Task requirements: Where a picture appears, leave it out; copy everything else in the records exactly.

□ □ □ □ □

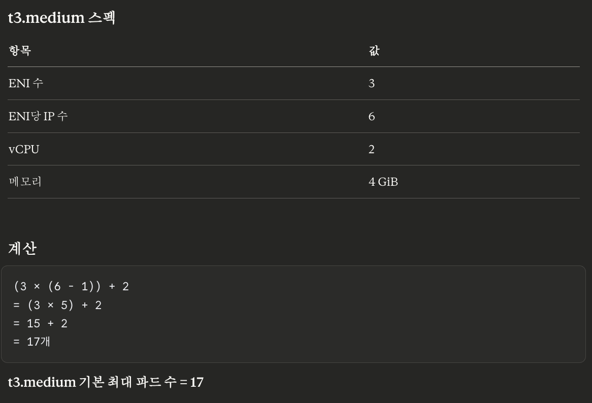 ▫️공식에 의해 t3.medium은 node 당 17개의 pod를 가질 수 있다.
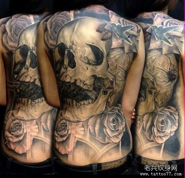 性感女生满背创意文身作品
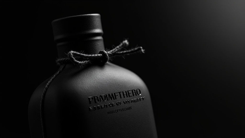 A striking, monochromatic image captures a close-up of a matte black bottle, featuring elegantly embossed text: "PROMPTHERO – ESSENCE OF VITALITY – 50 ML – HANDLE WITH CARE." Dramatic lighting creates subtle highlights and rich shadows that dance across the bottle's leather-like texture. A dark twine is wrapped snugly around the neck, imparting a touch of rugged sophistication. On the right, the image seamlessly transitions into a smooth gradient, enhancing its sleek, contemporary, editorial appeal.
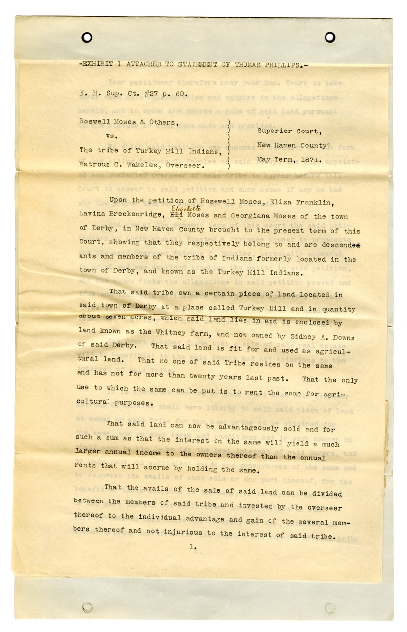 @file_rg003_nhsc_baai_ps_indigenouscases_mosesvsturkeyhill_a_003_tif:file {filename: "RG003_NHSC_BAAI_PS_IndigenousCases_MosesvsTurkeyHill_A_003.tif.ref.json", type: "Image/Asset with OCR"}-EXHIBIT 1 ATTACHED TO STATEMENT OF THOMAS PHILLIPS. Your petitioner therefore pray your Hon. Court to take N. H. Sup. Ct. #27 p. 60. Roswell Moses & Others, vs. The tribe of Turkey Hill Indians, Watrous C. Wakelee, Overseer. Superior Court, New Haven County, May Term, 1871. Upon the petition of Roswell Moses, Eliza Franklin, Elizabeth Moses and Georgiana Moses of the town of Derby, in New Haven County brought to the present term of this Court, showing that they respectively belong to and are descendants and members of the tribe of Indians formerly located in the town of Derby, and known as the Turkey Hill Indians. That said tribe own a certain piece of land located in said town of Derby at a place called Turkey Hill and in quantity about seven acres, which said land lies in and is enclosed by land known as the Whitney farm, and now owned by Sidney A. Downs of said Derby. That said land is fit for and used as agricultural land. That no one of said Tribe resides on the same and has not for more than twenty years last past. That the only use to which the same can be put is to rent the same for agricultural purposes. That said land can now be advantageously sold and for such a sum as that the interest on the same will yield a much larger annual income to the owners thereof than the annual rents that will accrue by holding the same. That the avails of the sale of said land can be divided between the members of said tribe and invested by the overseer thereof to the individual advantage and gain of the several members thereof and not injurious to the interest of said tribe.
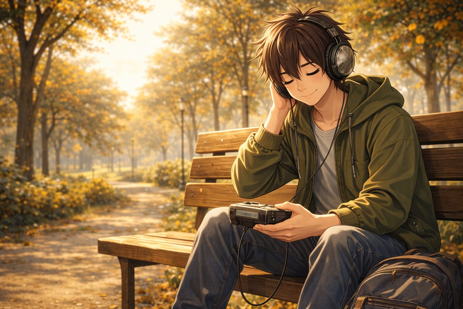At the park, a boy sat on a bench with a backpack at his feet, listening to something old. Battered headphones. Nodding along. Smiling like he knew a secret.
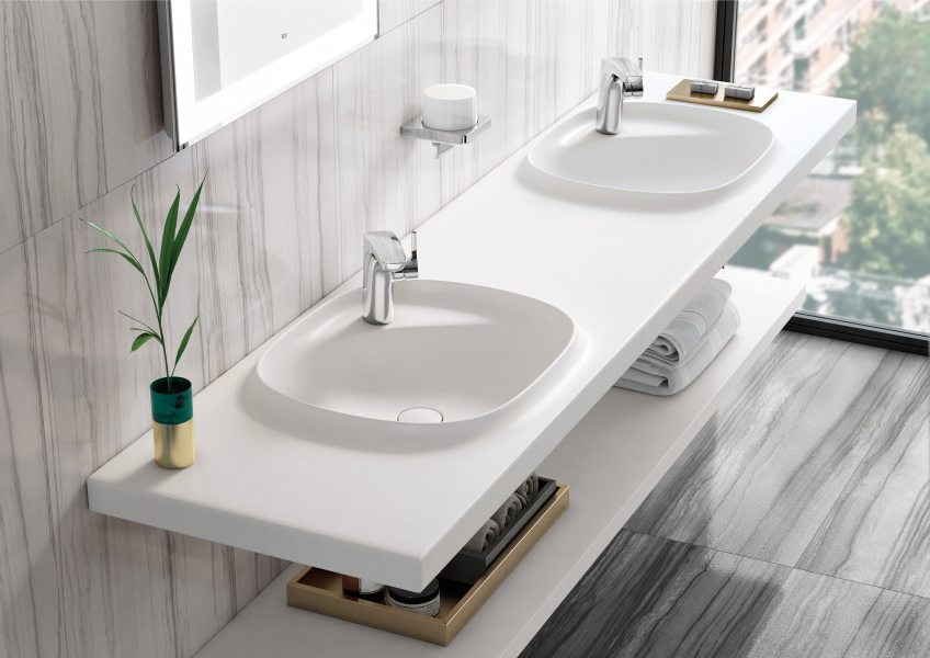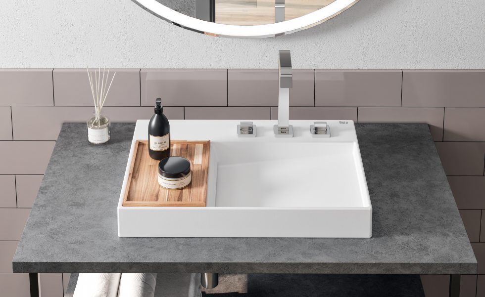Oferecendo elegância e múltiplas opções de design, a cuba de sobrepor da Coleção Optica evidencia formas leves, porém definidas, que contribuem para a construção de uma estética agradável que combina tanto com banheiros amplos, como com espaços menores. | Foto: Divulgação Roca
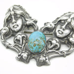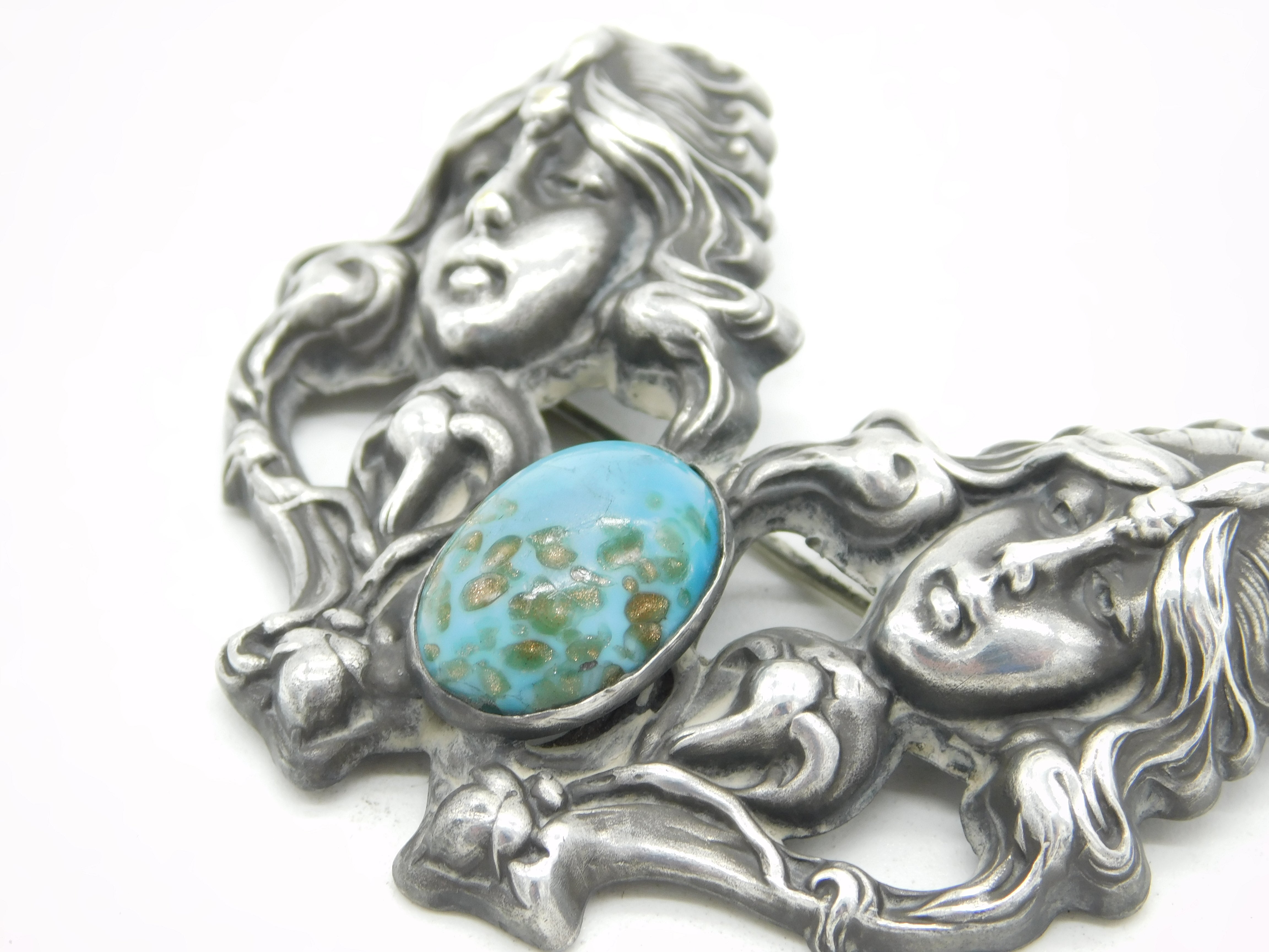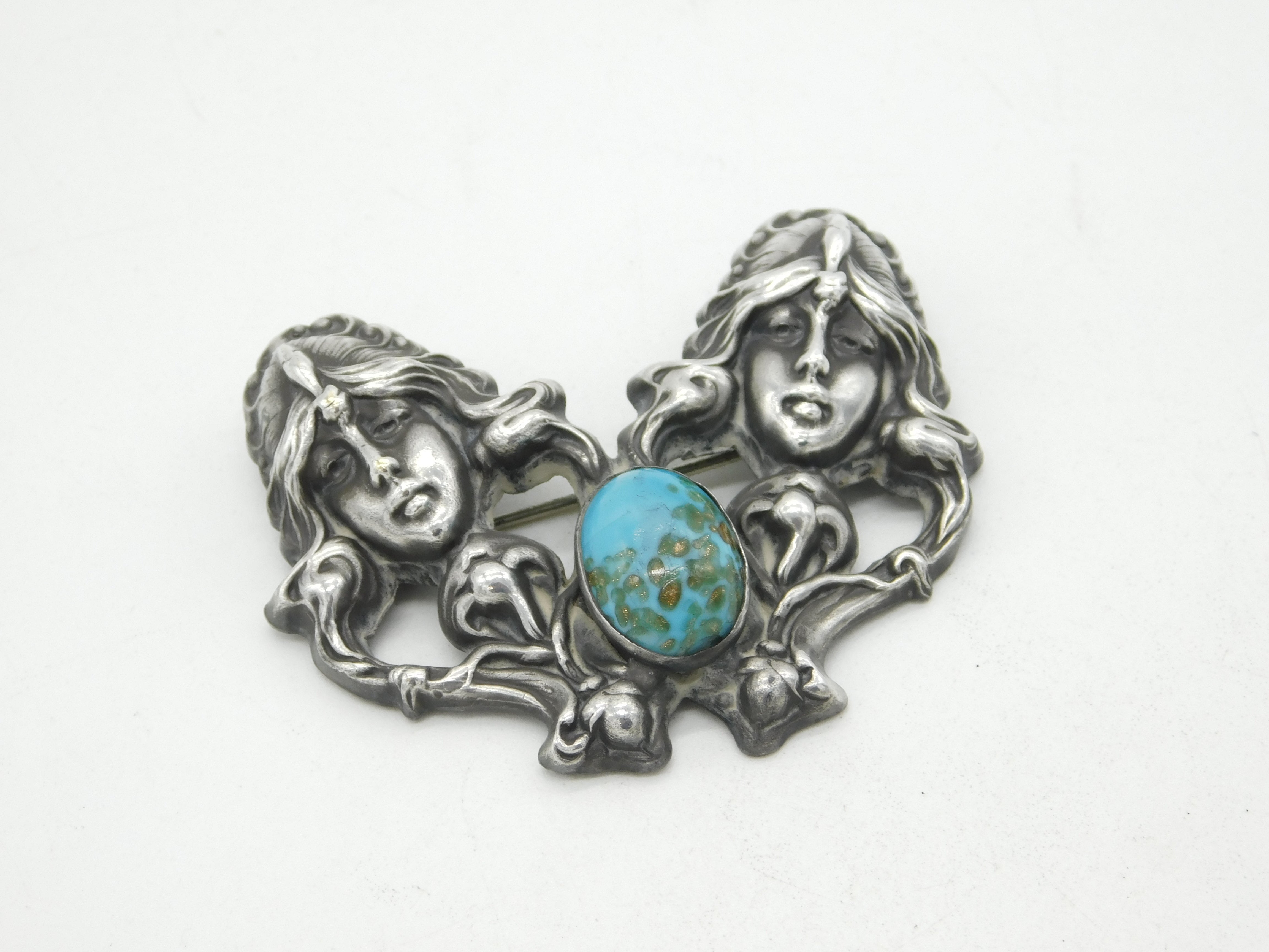 Details: A fantastic and wonderfully designed antique 19th century art nouveau sterling silver large brooch depicting two fairies adorne with art nouveau decoration set with a central ruskin style cabochon to the centre c1890, the silver has been XRF tested as it is unmarked. This is a wonderful item that would make a perfect gift or addition to any collection. The BOX pictured is for PRESENTATION ONLY and is NOT included in the listings but used to frame the pictures unless specifically stated otherwise.
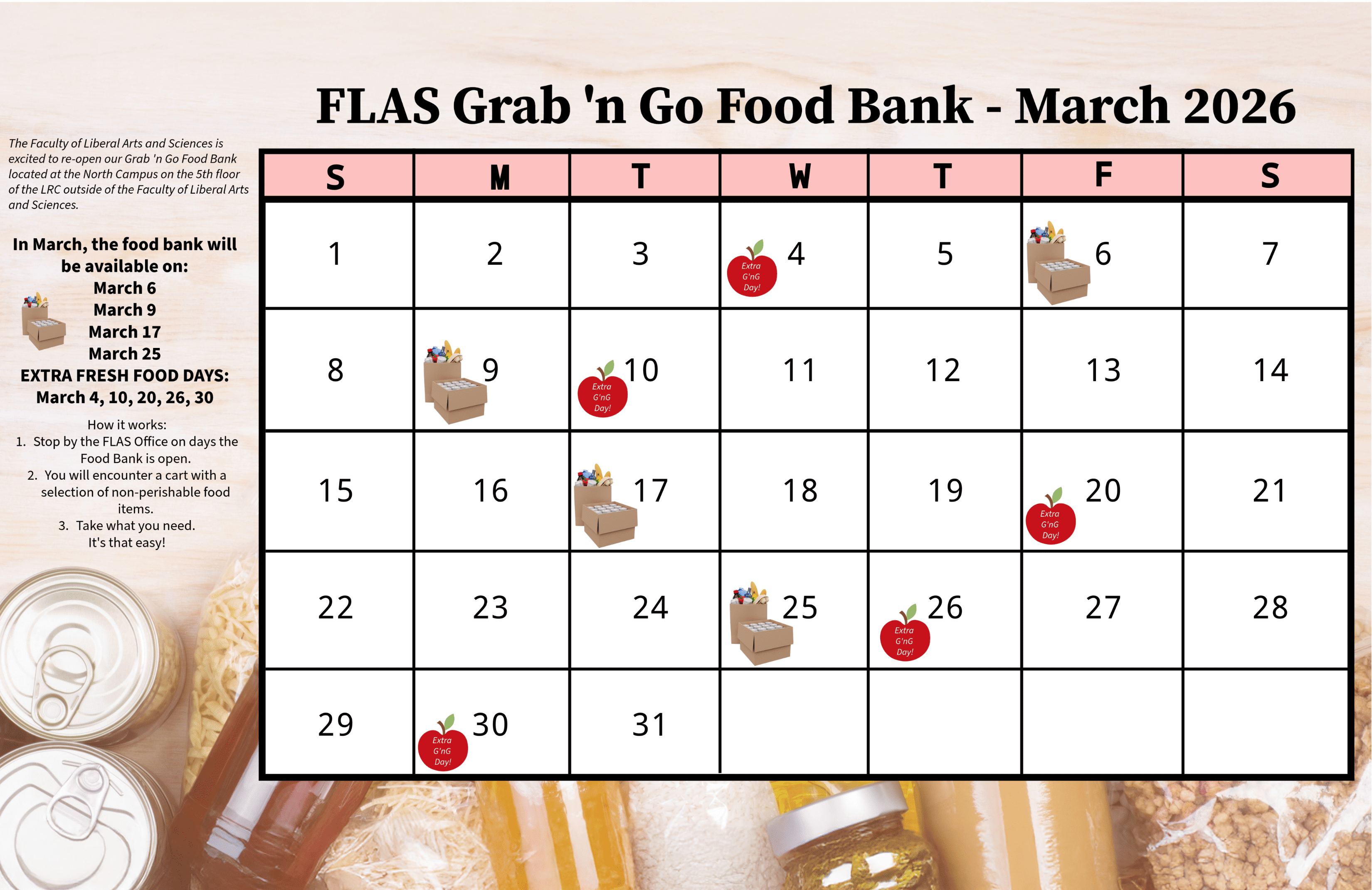 In March, the FLAS North Campus Grab 'n Go Food Bank will be open on the following dates from 9 a.m. to 4:30 p.m.:
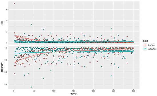 Additionally, a multilayer perceptron with two hidden layers was trained. We explored as an activation function the ReLU , linear , and sigmoid , the learning rate was fixed as 0.01, the number of epochs xplored ranged from 20 to 400, and the number of units of the hidden layer was set as 32, 64 or 128. The architecture of the best network was 16-64-32-2, with 3234 weights estimated. The activation function for the first and second hidden layers was ReLU, and softmax was used for the output layer. The loss function employed was categorical crossentropy, with the optimizer set as rmsprop, and the metric used for optimization was accuracy. The model was trained for 30 epochs, with a batch size of 128, and a validation split of 0.2 was used to estimate the convergence, as shown in Figure 13. Due to the complexity of this model, it is not graphically represented.
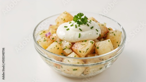 Nutritious potato salad mixed with homemade mayo served in a clear bowl.

□ □ □ □ □

Reply:
 ▫️공식에 의해 t3.medium은 node 당 17개의 pod를 가질 수 있다.
 性感女生满背创意文身作品
 A striking, monochromatic image captures a close-up of a matte black bottle, featuring elegantly embossed text: "PROMPTHERO – ESSENCE OF VITALITY – 50 ML – HANDLE WITH CARE." Dramatic lighting creates subtle highlights and rich shadows that dance across the bottle's leather-like texture. A dark twine is wrapped snugly around the neck, imparting a touch of rugged sophistication. On the right, the image seamlessly transitions into a smooth gradient, enhancing its sleek, contemporary, editorial appeal.
 @file_rg003_nhsc_baai_ps_indigenouscases_mosesvsturkeyhill_a_003_tif:file {filename: "RG003_NHSC_BAAI_PS_IndigenousCases_MosesvsTurkeyHill_A_003.tif.ref.json", type: "Image/Asset with OCR"}-EXHIBIT 1 ATTACHED TO STATEMENT OF THOMAS PHILLIPS. Your petitioner therefore pray your Hon. Court to take N. H. Sup. Ct. #27 p. 60. Roswell Moses & Others, vs. The tribe of Turkey Hill Indians, Watrous C. Wakelee, Overseer. Superior Court, New Haven County, May Term, 1871. Upon the petition of Roswell Moses, Eliza Franklin, Elizabeth Moses and Georgiana Moses of the town of Derby, in New Haven County brought to the present term of this Court, showing that they respectively belong to and are descendants and members of the tribe of Indians formerly located in the town of Derby, and known as the Turkey Hill Indians. That said tribe own a certain piece of land located in said town of Derby at a place called Turkey Hill and in quantity about seven acres, which said land lies in and is enclosed by land known as the Whitney farm, and now owned by Sidney A. Downs of said Derby. That said land is fit for and used as agricultural land. That no one of said Tribe resides on the same and has not for more than twenty years last past. That the only use to which the same can be put is to rent the same for agricultural purposes. That said land can now be advantageously sold and for such a sum as that the interest on the same will yield a much larger annual income to the owners thereof than the annual rents that will accrue by holding the same. That the avails of the sale of said land can be divided between the members of said tribe and invested by the overseer thereof to the individual advantage and gain of the several members thereof and not injurious to the interest of said tribe.
At the park, a boy sat on a bench with a backpack at his feet, listening to something old. Battered headphones. Nodding along. Smiling like he knew a secret.
Oferecendo elegância e múltiplas opções de design, a cuba de sobrepor da Coleção Optica evidencia formas leves, porém definidas, que contribuem para a construção de uma estética agradável que combina tanto com banheiros amplos, como com espaços menores. | Foto: Divulgação Roca
 Details: A fantastic and wonderfully designed antique 19th century art nouveau sterling silver large brooch depicting two fairies adorne with art nouveau decoration set with a central ruskin style cabochon to the centre c1890, the silver has been XRF tested as it is unmarked. This is a wonderful item that would make a perfect gift or addition to any collection. The BOX pictured is for PRESENTATION ONLY and is NOT included in the listings but used to frame the pictures unless specifically stated otherwise.
 In March, the FLAS North Campus Grab 'n Go Food Bank will be open on the following dates from 9 a.m. to 4:30 p.m.:
 Additionally, a multilayer perceptron with two hidden layers was trained. We explored as an activation function the ReLU , linear , and sigmoid , the learning rate was fixed as 0.01, the number of epochs xplored ranged from 20 to 400, and the number of units of the hidden layer was set as 32, 64 or 128. The architecture of the best network was 16-64-32-2, with 3234 weights estimated. The activation function for the first and second hidden layers was ReLU, and softmax was used for the output layer. The loss function employed was categorical crossentropy, with the optimizer set as rmsprop, and the metric used for optimization was accuracy. The model was trained for 30 epochs, with a batch size of 128, and a validation split of 0.2 was used to estimate the convergence, as shown in Figure 13. Due to the complexity of this model, it is not graphically represented.
 Nutritious potato salad mixed with homemade mayo served in a clear bowl.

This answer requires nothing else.